I´m new here but I also have an adoption case. I´m volunteer in an animal protection society in Spain. I know there are many cats in need but maybe someone would be interested in this one.

We´re looking for a home to an elderly cat. Her name is Pepita and she´s 14 years old. She had a "home" before but it was like ****. She was neck bound so badly that she got really hurt. And what is more,she was constantly battered. Luckily we got her out of there.And her wound is healing well.But she needs a family to give her all the love she didn´t get.She needs a peaceful place urgently. She´s in a foster home but she can´t stay there much longer,she needs a safe and permanent home to stay.

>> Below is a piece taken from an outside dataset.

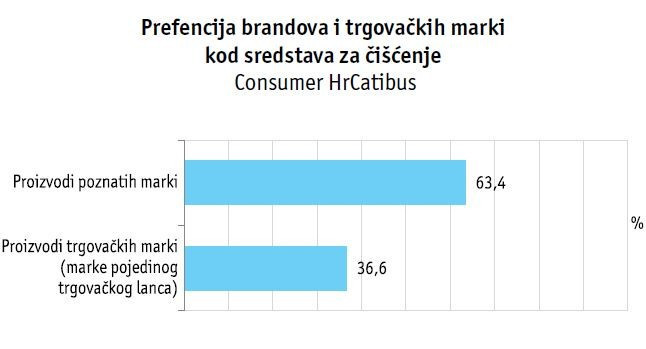 Pri kupnji sredstava za čišćenje većina kućanstava okreće se brandiranim proizvodima (63,4%), dok se u manjem broju kućanstava preferiraju proizvodi trgovačkih marki.

Here´s a link where you can meet her.

http://protectoraanimalparraga.net/ficha/858/


If you are interested in her you can answer here or send me and e-mail to:
[email protected]

Thanks everyone!


----------



## marie73 (Jul 12, 2006)

Poor little girl! I'm glad her dental problems were fixed. I hope she finds a good home soon.

Looks like she's polydactyl! Adorable!


----------



## GertiRouge (Mar 10, 2010)

Yes,she´s nice,very quiet (she´s 14).Ans she´s scared of any sudden noise.I guess anything that reminds her of the batter. She appreciates just being calm.


----------